▶ [EXCERPTED RECORDS]
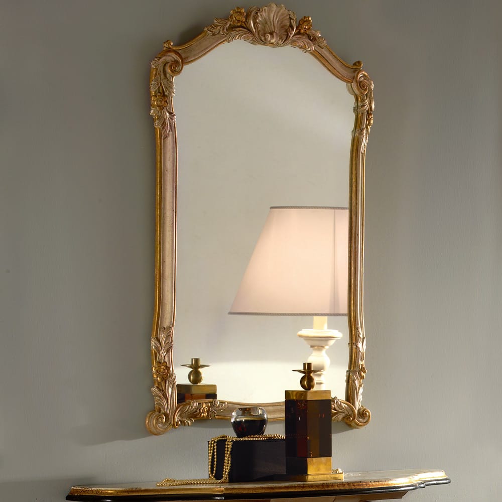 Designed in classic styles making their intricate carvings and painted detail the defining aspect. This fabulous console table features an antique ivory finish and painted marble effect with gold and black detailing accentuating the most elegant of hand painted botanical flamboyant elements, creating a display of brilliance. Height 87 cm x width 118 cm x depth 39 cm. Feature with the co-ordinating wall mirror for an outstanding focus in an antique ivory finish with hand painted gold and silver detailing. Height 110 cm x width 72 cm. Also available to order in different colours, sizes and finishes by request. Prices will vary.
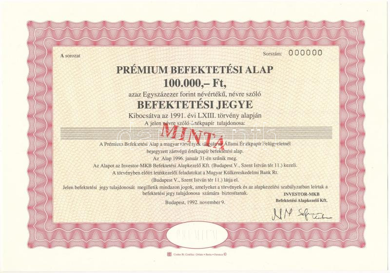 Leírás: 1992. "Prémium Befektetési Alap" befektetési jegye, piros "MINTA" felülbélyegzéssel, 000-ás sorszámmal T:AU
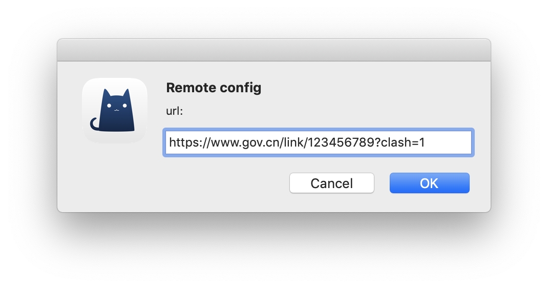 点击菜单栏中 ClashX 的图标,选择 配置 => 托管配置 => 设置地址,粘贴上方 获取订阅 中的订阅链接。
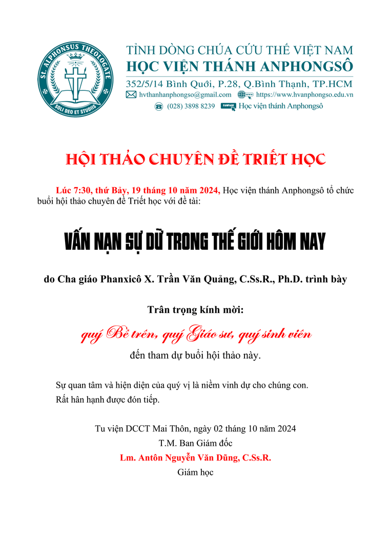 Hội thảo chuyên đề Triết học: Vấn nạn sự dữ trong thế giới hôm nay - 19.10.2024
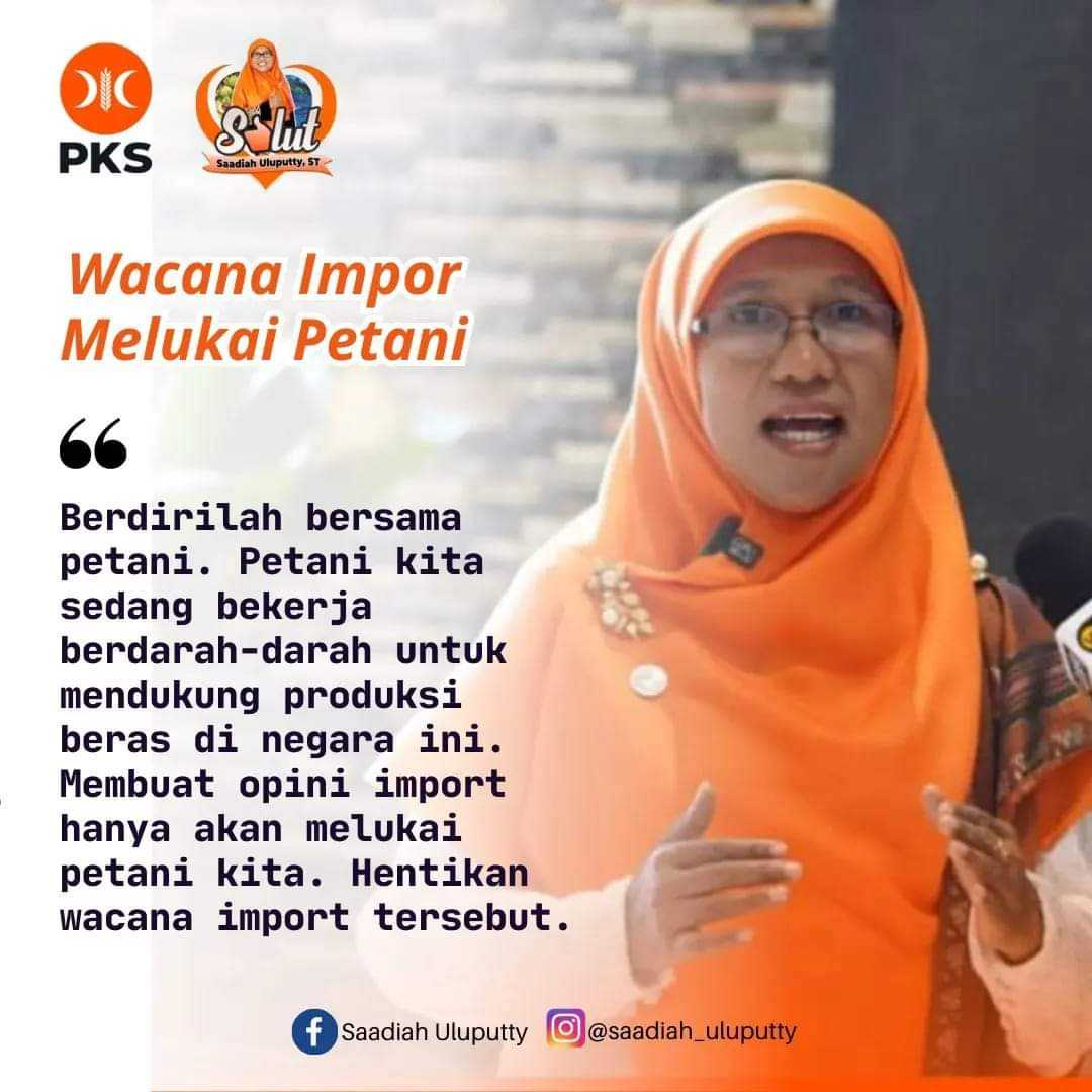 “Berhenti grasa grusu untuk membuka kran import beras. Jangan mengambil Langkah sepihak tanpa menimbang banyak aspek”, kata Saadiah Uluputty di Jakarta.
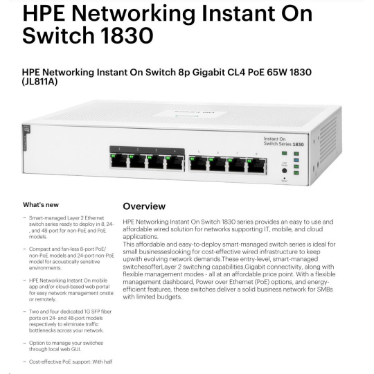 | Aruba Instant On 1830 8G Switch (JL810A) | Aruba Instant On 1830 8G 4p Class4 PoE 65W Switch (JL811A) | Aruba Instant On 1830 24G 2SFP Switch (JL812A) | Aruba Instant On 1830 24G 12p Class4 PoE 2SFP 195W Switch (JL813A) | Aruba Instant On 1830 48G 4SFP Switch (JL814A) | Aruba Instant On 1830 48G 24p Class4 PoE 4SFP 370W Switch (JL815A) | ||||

▶ [TASK DIRECTIONS]
In the listing above, find the line with "000-ás sorszámmal T:AU" and the line with "Hội thảo chuyên". Transcribe those two and everything between, exactly, leaving out pictures.

▶ [RESPONSE AREA]
 Leírás: 1992. "Prémium Befektetési Alap" befektetési jegye, piros "MINTA" felülbélyegzéssel, 000-ás sorszámmal T:AU
 点击菜单栏中 ClashX 的图标,选择 配置 => 托管配置 => 设置地址,粘贴上方 获取订阅 中的订阅链接。
 Hội thảo chuyên đề Triết học: Vấn nạn sự dữ trong thế giới hôm nay - 19.10.2024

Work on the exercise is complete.